Exercise brief — An exact transcription is needed, starting at the line containing "Nun abwechselnd eine" and running through the last line of the records, with every picture left out.

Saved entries

================

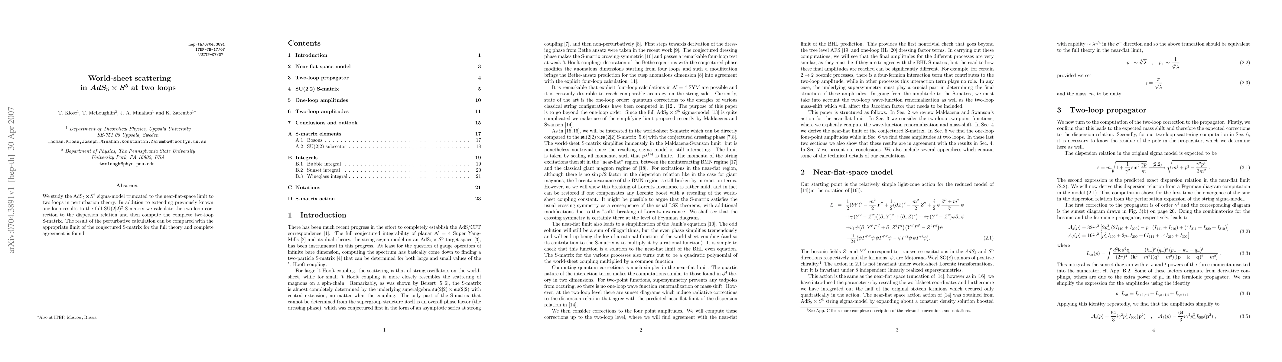 Researchers calculated the two-loop scattering matrix for AdS_5 x S^5 sigma-model, extending previously known one-loop results, and found agreement with a conjectured limit of the full theory's S-matrix.
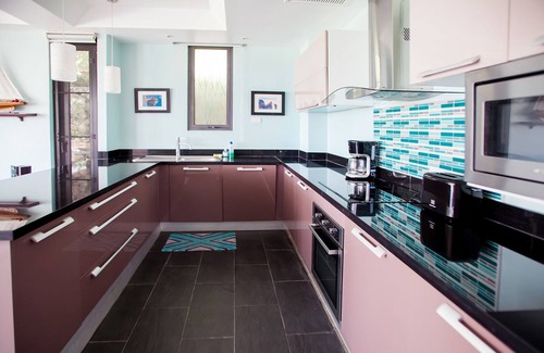The modern design kitchen, which is fully equipped, including a dishwasher and washing machine is open plan, looking onto an airy modern furnished dining room and lounge, boasting its own indoor rock feature. This whole area is able to be opened up for a windowless view of both the garden and pool. The pool area includes a patio set, 2 sun loungers and a gas bbq.
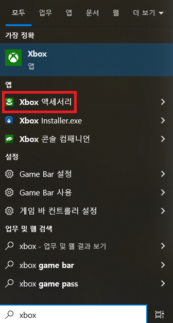 제일 먼저 찾은 방법은 Xbox 패드 업데이트였다. 우선 윈도 검색에서 Xbox 를 치면 'Xbox 액세서리'가 나오는데 클릭. 안 뜬다면, 검색창에 Microsoft Store로 들어가서 'Xbox 액세서리' 검색 후 설치해 준다.
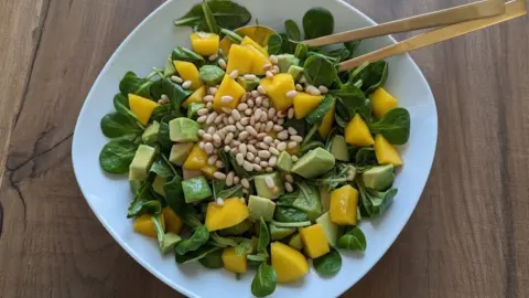 Nun abwechselnd eine Avocadoscheibe und eine Mangoscheibe leicht überlappend rund auf dem Teller anrichten. In die Mitte kann man ein kleines Feldsalat-Bouquet mit Pinienkernen setzen.
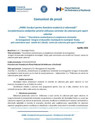 02APR. Dezvoltarea modernizarea și completarea sistemelor de management integrat al deșeurilor municipale (C3I1A0122000118)
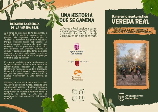 El Ayuntamiento de Jumilla ha finalizado las obras de mejora y acondicionamiento del itinerario ecoturístico de la Vereda Real, un ambicioso proyecto que forma parte del Plan de Sostenibilidad Turística en Destino, financiado con fondos europeos Next Generation y donde la inversión total ha ascendido a 387.038,95 euros.
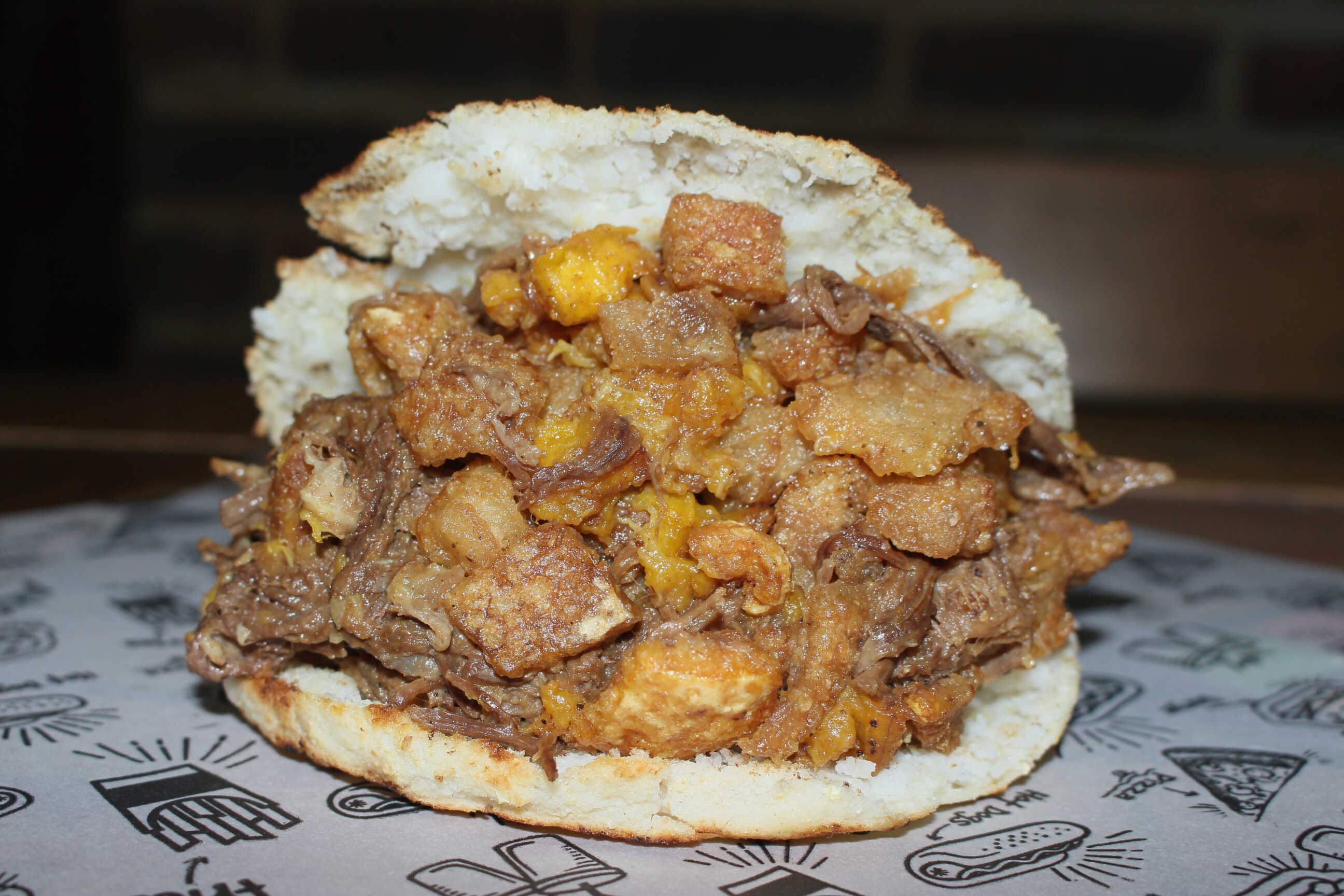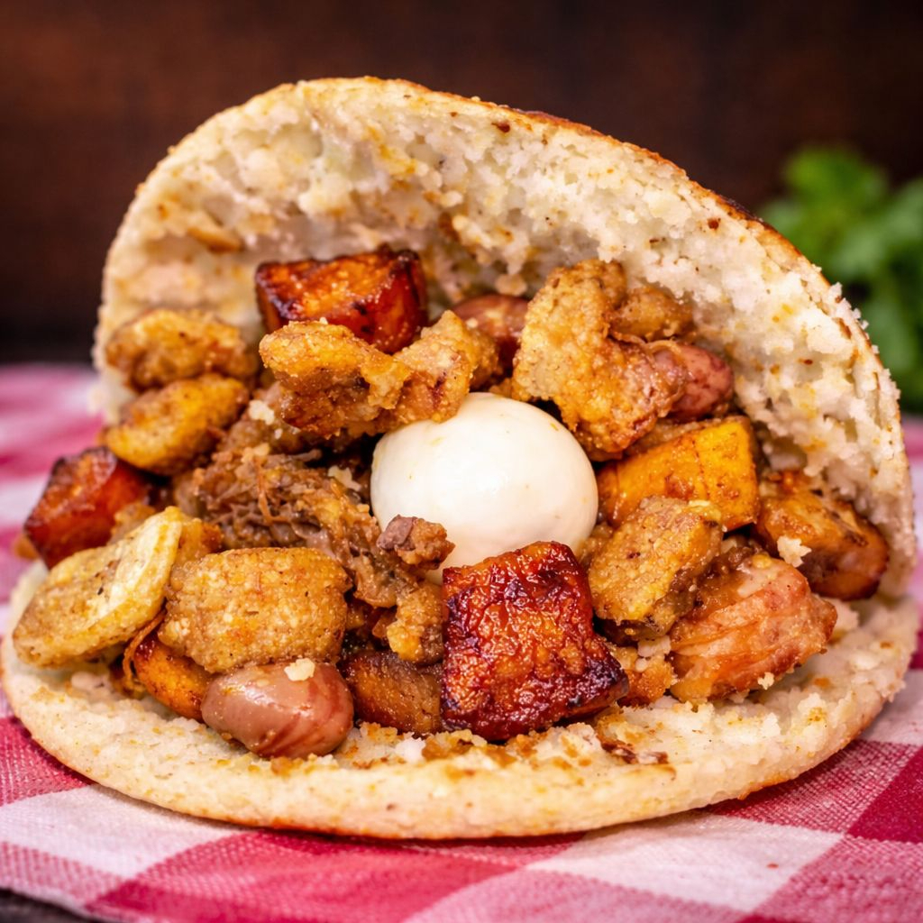 Arepa con chicharrón, carne desmechada, maduritos y huevo de codorniz.
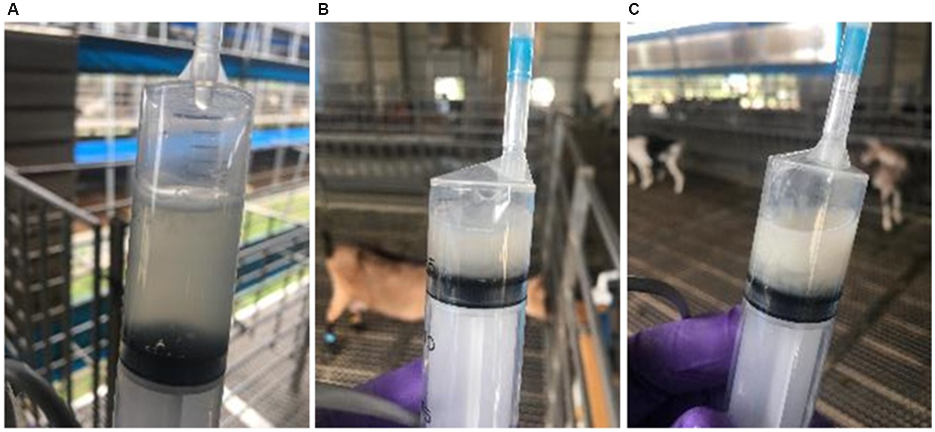Prior to insemination, vaginal mucus was evaluated visually by the technician, with the aid of a speculum and sorted into 3 categories (Figure 2):

================

Written solution —
 Nun abwechselnd eine Avocadoscheibe und eine Mangoscheibe leicht überlappend rund auf dem Teller anrichten. In die Mitte kann man ein kleines Feldsalat-Bouquet mit Pinienkernen setzen.
 02APR. Dezvoltarea modernizarea și completarea sistemelor de management integrat al deșeurilor municipale (C3I1A0122000118)
 El Ayuntamiento de Jumilla ha finalizado las obras de mejora y acondicionamiento del itinerario ecoturístico de la Vereda Real, un ambicioso proyecto que forma parte del Plan de Sostenibilidad Turística en Destino, financiado con fondos europeos Next Generation y donde la inversión total ha ascendido a 387.038,95 euros.
 Arepa con chicharrón, carne desmechada, maduritos y huevo de codorniz.
Prior to insemination, vaginal mucus was evaluated visually by the technician, with the aid of a speculum and sorted into 3 categories (Figure 2):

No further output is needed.